Public Option: Who knows it? Who wants it?
Drives me nuts each time I hear "the people demand a public option"
Regular readers may recall my lament that despite the many, many times pollsters have asked Americans to react to descriptions of the so-called "public option" in health care reform, very few have attempted to probe the depth of Americans' knowledge about the proposal.
The point of debate is often whether Americans "want" a public option. These arguments sometimes get expressed in the context of representative democracy. "65% of Americans are begging Congress for an inclusive public option," wrote one Daily Kos diarist a few weeks ago, yet "our Representatives in the Senate are REFUSING to give The People what they overwhelmingly want." Poll questions like the one cited by the diarist typically measure how Americans react to a brief description of the Public Option concept. Those are helpful, but if Americans are really "begging" for a public option, we might also want to measure how many know what the public option is before hearing the pollster's description.

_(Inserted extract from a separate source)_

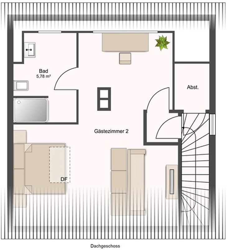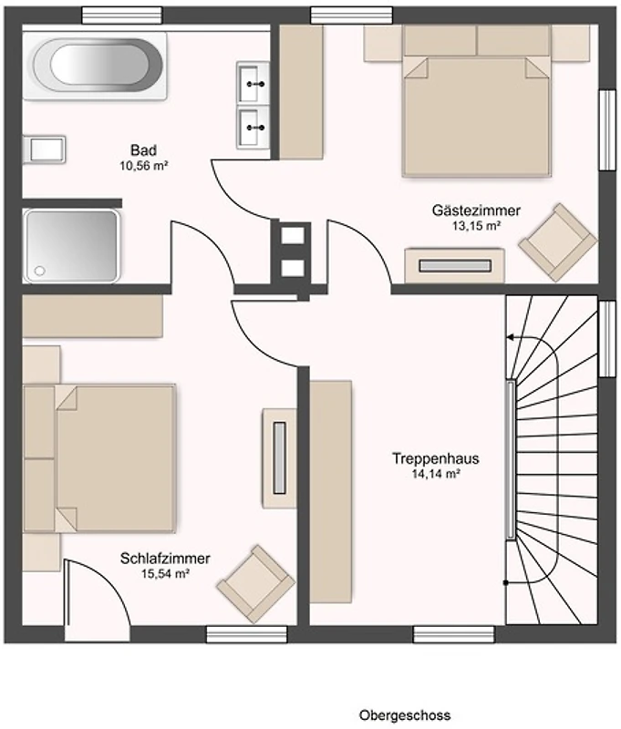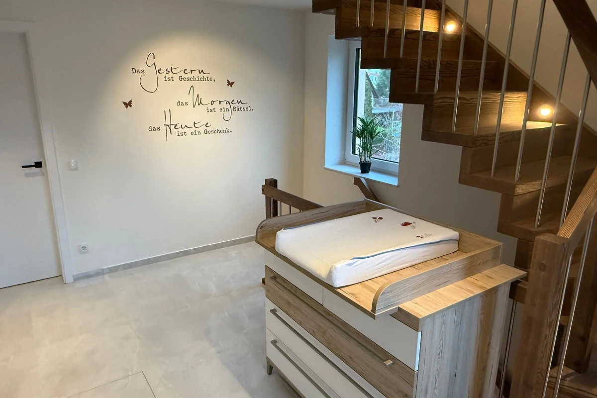 Das Schlafzimmer im OG liegt in Richtung Osten, so dass Sie jeden Morgen von der Sonne geweckt werden können. Ein weiteres Gästezimmer ist auf derselben Etage.

Unless I've missed it, the only effort to tackle this question was an opt-in internet panel survey sponsored by AARP (an organization that has not taken a formal position on the public option) and conducted by Penn, Schoen and Berland Associates. They found that only 37% of their adult sample could correctly identify the Public Option from a list of three possible choices. As Nate Silver pointed out, if the respondents had picked randomly, a third (33%) would have chosen correctly.
Don't get me wrong. I favor a public option of some kind. But supporters are only fooling themselves with such talk.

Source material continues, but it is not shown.